As a possible option to raise about $40 billion in 1986, Treasury Department officials are considering a 10 percent surcharge on individual, and possibly corporate, income taxes, according to sources.
In the last-minute drive to come up with ways to reduce long-range deficits as the budget is readied to go to press, the surcharge would solve a number of immediate political and practical problems, the sources noted, although it is by no means clear that Congress or President Reagan would approve such a tax hike. The advantages of the surcharge include:
For an administration committed to lowering tax rates, the surcharge could be portrayed as temporary, just as a similar 10 percent hike during the Vietnam War was imposed for just over a year.
At 9 to 10 percent, a surcharge on corporate and individual income taxes almost exactly fills the goal of raising one percent of the gross national product, the ceiling on tax increases set by President Reagan. A 10 percent surcharge would raise the amount of tax paid by an individual or corporation by one tenth. It would not add 10 percentage points to the individual's or corporation's marginal tax rate.
With a flexible deadline of this Friday for sending budget documents to the presses, the surcharge proposal is simple enough to incorporate quickly, as opposed to a set of complex, multiple tax hikes along the lines of legislation enacted last year.
In preparing the 1983 budget, officials then estimated 1986 corporate and individual tax receipts at about $485 billion, indicating that a 10 percent surcharge would raise $48.5 billion. Since then, estimates of economic growth have been reduced but taxes were raised.
Treasury Secretary Donald T. Regan has already ruled out a number of other tax hikes considered to have some justification on economic and equity grounds, including elimination of the deductions for state and local sales taxes, for non-mortgage consumer interest and for interest payments on second homes. Another proposal, a ceiling on the exemption for employer-paid health insurance, will be part of the next budget, but it is not part of the 1986 tax plan.
A Treasury spokesman said no final decisions have been made on what tax increases will be presented to the president, and that a number of alternatives are available.
Among the other alternatives in the effort to raise money are to rescind some tax cuts that are scheduled to go into effect or grow in 1986--an exclusion for interest receipts, charitable deductions for those who do not itemize, indexing the entire rate system--and some existing taxes that are to be phased out, including cigarette and telephone excise taxes.
The tax controversy is further clouded by administration plans to make the 1986 tax hike conditional on anticipated economic conditions.
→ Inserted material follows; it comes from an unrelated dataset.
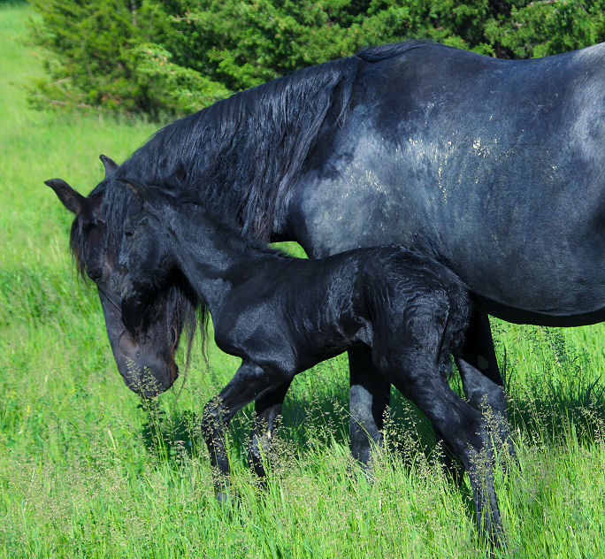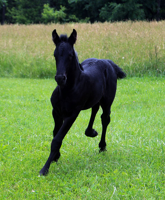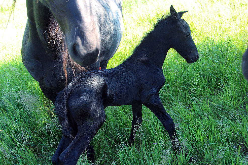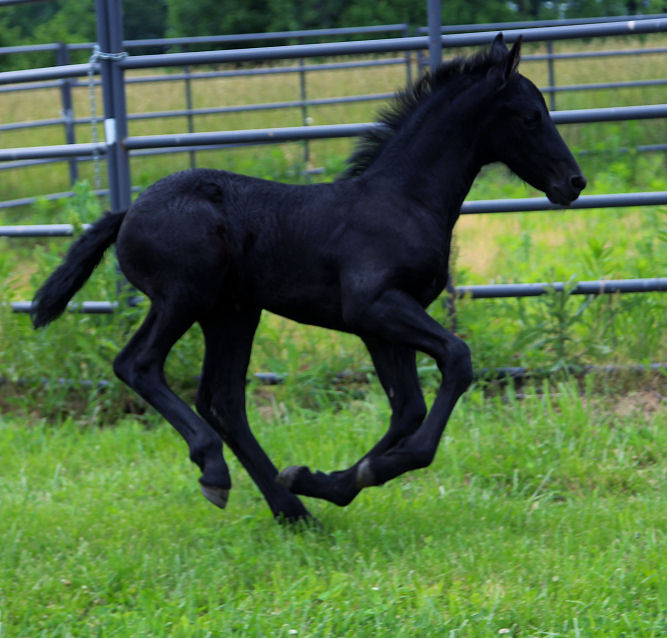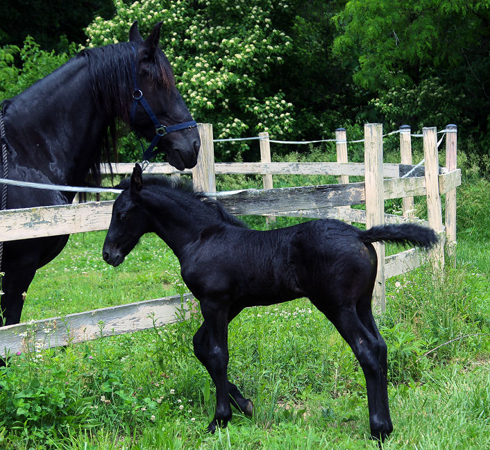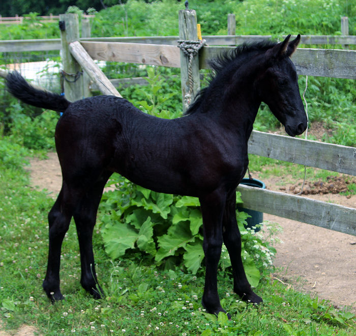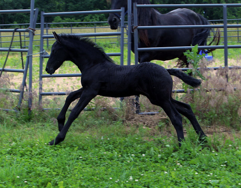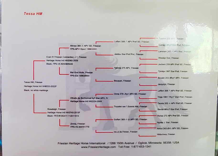 Born May 23rd, 2022 out of our purebred Friesian mare Rosaleigh by our Friesian stallion Evan. Tessa was retained to be part of the wonderful horses of the Horsemeister Herd. Pictured above March 1st, 2024.

It is to be a "contingency plan," under which that taxes would only become effective if the projected deficit for 1986 remained above some target figure, perhaps 2 percent of the gross national product. There is no agreement on how this mechanism would work.
Such a triggering mechanism is likely to face strong opposition in Congress, where the chairmen of the two key tax committees are both inclined to oppose anything that could be described as a contingent or conditional tax hike.
An aide to Sen. Robert Dole (R-Kan.), chairman of the Senate Finance Committee, said Dole "does not favor a trigger mechanism, does not like the concept and would have to be convinced" that it could work. An aide to Rep. Daniel Rostenkowski (D-Ill.), chairman of the Ways and Means Committee, voiced similar doubts.